# New Husky Liner Weather Beaters with Clups



## n1philli (Sep 9, 2013)

*New Husky Liner Weather Beaters with Clips*

Just as the topic states. Husky Liner has now integrated clips on the driver's side floor mat. The passenger side still has the small indent covering the clip. I just purchased these the other day off eBay. I will post the seller who has these in a little bit. Fit and finish is excellent. 
 Edit: Seller: affordaworld 
Price: 123.95 
Offer Accepted @ $115.00 with FREE SHIPPING. 

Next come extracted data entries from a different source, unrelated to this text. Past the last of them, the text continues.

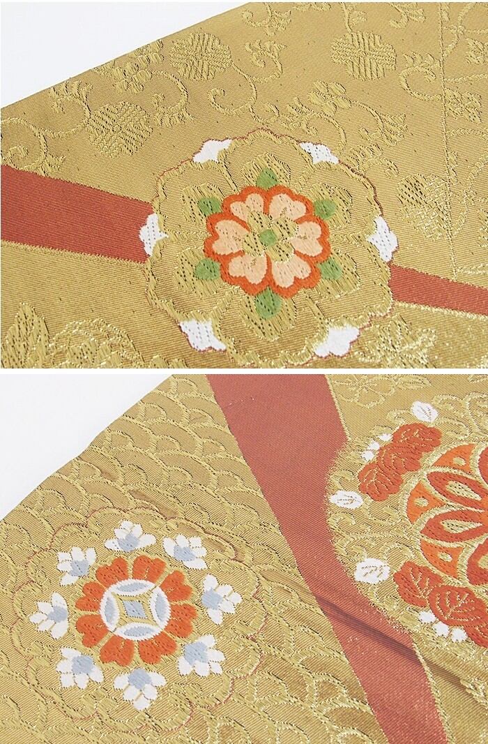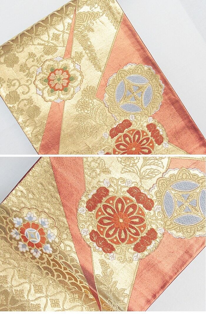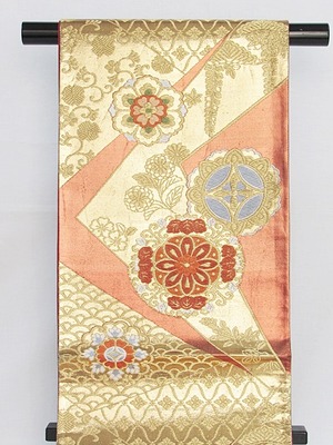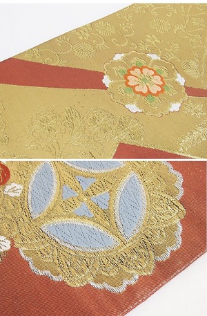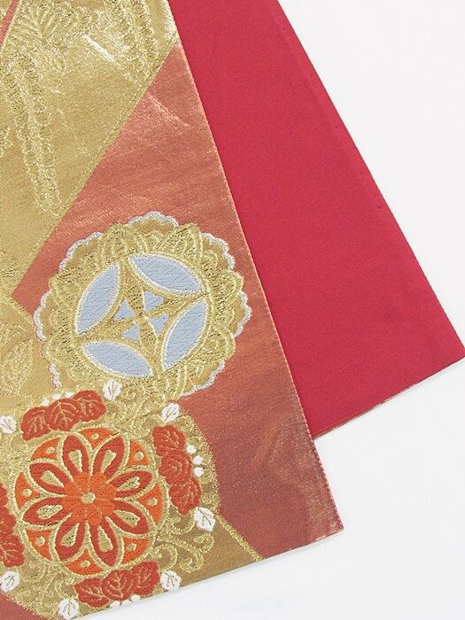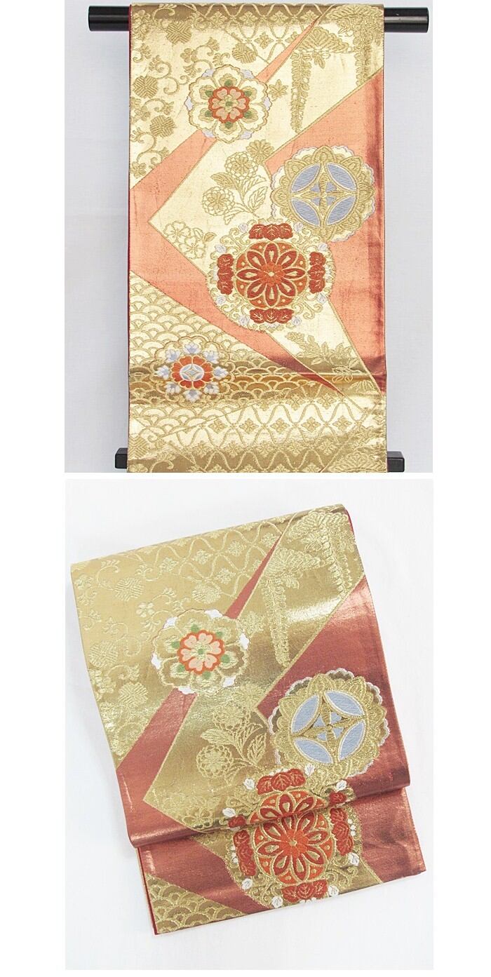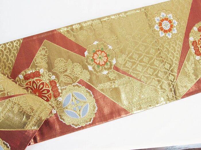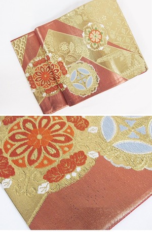 錦袋帯 赤臙脂に金、斜段裂取りに華文柄になります。大変お品の良い
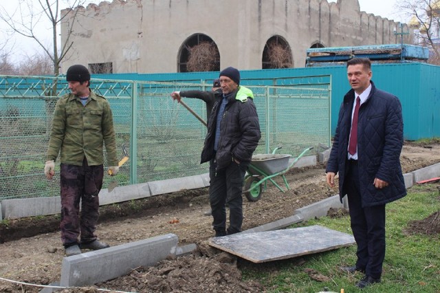 В настоящее время установлены водоотводные трубы, ведется монтаж бордюров.
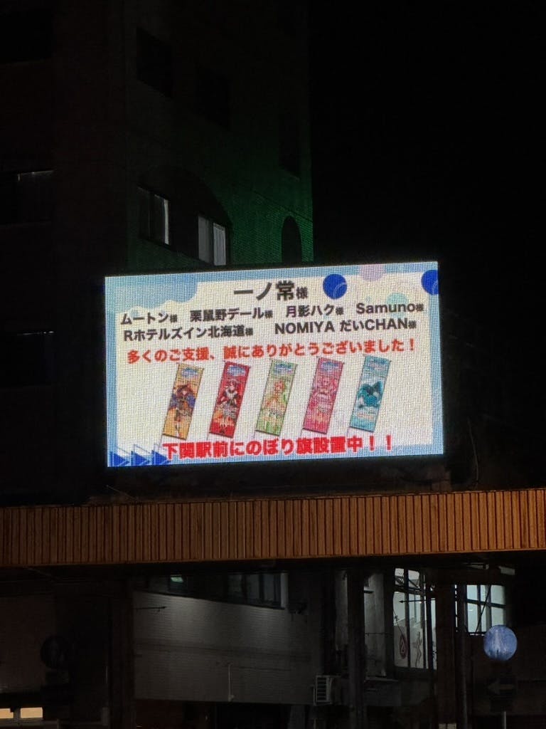 あまりサブカル系の催し物がない下関の街をみなさまのご支援で活気ある姿に彩りたいと思います!のぼり旗はVTuber9種類+下関市公式キャラクター「せきまる」1種類の9種類 計10種類、ご支援者様のお名前入りのぼり旗を駅前などに設置します。
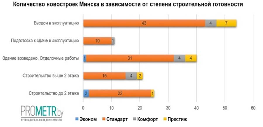 — Условно все новостройки Минска, в зависимости от их характеристик (материала стен, площадей квартир, технического оснащения, местоположения и прочего), можно разделить на 4 класса качества: «Эконом», «Стандарт», «Комфорт» и «Престиж». За неполный 2021 год количество новостроек, в которых квартиры доступны широкому кругу лиц (сюда не входят дома только для нуждающихся в улучшении жилищных условий), увеличилось более чем на 30% — со 115 до 151 дома. Это максимум для первичного рынка Минска. Для сравнения: десять лет назад их было 83, а пять лет назад — 99.
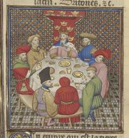 Parigi, Bibliothèque de l'Arsenal, 5193, f. 349v. Re Artù siede intorno alla Tavola Rotonda con i suoi cavalieri.
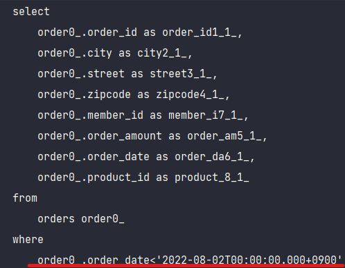 " WHERE o.orderDate >= '2022-07-31 00:00:00'")

Sent from AutoGuide.com Free App


----------



## Dragonsys (May 27, 2013)

very cool, now if they would add that to the passenger side as well


----------



## trevor_geiger (Nov 29, 2012)

They look nice I like it.


----------



## spacedout (Dec 7, 2010)

Ordered mine from Summit Racing a few days back, will be interesting to see which style I get. Suppose to be delivered tomorrow.


----------



## justjohnthomas (Jul 27, 2013)

Nice for future buyers. Mine slides some, but not enough to make me want to purchase a new set. The Trunk Liner and rear seem to stay nice and put as they don't get as much use


----------



## spacedout (Dec 7, 2010)

The ones I ordered a few days back were the older style, though the new ones would have been nice, I'm still happy with my purchase.


----------